So, yes it's mounted sync. I know that the copying will appear to go faster when it's mounted async but that will not mean I will be able to unplug my USB stick sooner, will it?

----------

## widan

 *MadEgg wrote:*   

> So, yes it's mounted sync. I know that the copying will appear to go faster when it's mounted async

 

Not only appear. It will be faster, even including the time to sync the disk (when running async, the kernel is able to buffer things, so I/O is more efficient: if a block is modified ten times, then it will be written only once at the end, and not the other 9 times - and the FAT and the free block maps are modified a lot when writing).

 *MadEgg wrote:*   

> but that will not mean I will be able to unplug my USB stick sooner, will it?

 

Run "sync" before unplugging (or unmount it, or ask KDE to unmount it). Don't unplug it without warning when mounted async, especially if you've just written to it. It's the best way to corrupt the filesystem.

----------

## MadEgg

 *widan wrote:*   

>  *MadEgg wrote:*   So, yes it's mounted sync. I know that the copying will appear to go faster when it's mounted async 
> 
> Not only appear. It will be faster, even including the time to sync the disk (when running async, the kernel is able to buffer things, so I/O is more efficient: if a block is modified ten times, then it will be written only once at the end, and not the other 9 times - and the FAT and the free block maps are modified a lot when writing).

 

Yes, but what I'm actually trying to do is copy new songs over to my USB Stick. So it's like 12 files of about 3 MiB each. I thought async only mattered much when you're doing a lot of editing or are copying lots of small files over. Anyway, I'd be willing to try(although I doubt that would make the difference between 250 KiB/s and 6 MiB/s, that's like 36 times as slow as I would expect), but I don't have an entry in fstab for it; the stick is mounted in /media automatically. I don't know what is doing that, is it the KDE Media IOSlave, or is it ivman? And where can I configure that to mount it async instead of sync?

----------

## widan

 *MadEgg wrote:*   

> And where can I configure that to mount it async instead of sync?

 

Maybe this ? Or just remount it async after it's mounted ("mount /media/X-MICRO_MP3 -o async,remount").

----------

## MadEgg

Right, I just tried it, and in fact it does help. 

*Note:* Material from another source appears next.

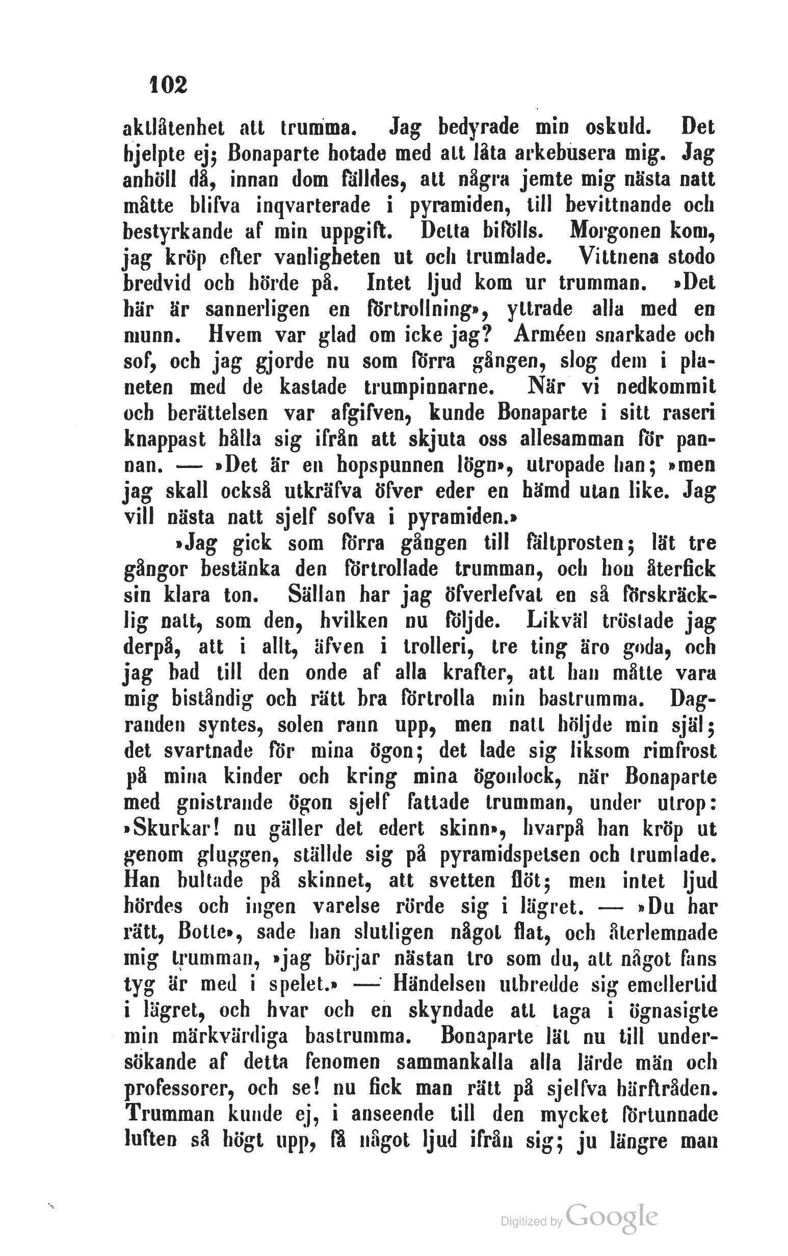 med gnistrande ögon sjelf fattade trumman, under utrop:

What I tested is this: first I emptied my USB stick and copied 171 MiB over while it was mounted sync. That took 11 minutes, so about 260 KiB/s. 

After that I emptied my USB stick, remounted it async and copied it all over again, both using Konqueror. The second time it took 25 seconds, so that's about 6.8 MiB/s, the speed I was expecting.

But I do not believe that this is simply caused by the difference in mounting sync and async, and in fact I like having removable devices mounted sync better, so what is the reason for this enormous difference in speed? Is there any way I can improve my speed while it's mounted sync?

----------

## dsd

there is a detailed explanation here:

http://bugzilla.kernel.org/show_bug.cgi?id=4882 comment 14

----------

## MadEgg

Right, that explains why it's happening. Now just to wait for a fix  :Wink:  Until then I'll have to settle for mounting async...

----------

## knirscher

Hopefully somebody is still reading this:

I have an external Seagate HDD which is capable of FireWire, USB 2 and USB 1.2. 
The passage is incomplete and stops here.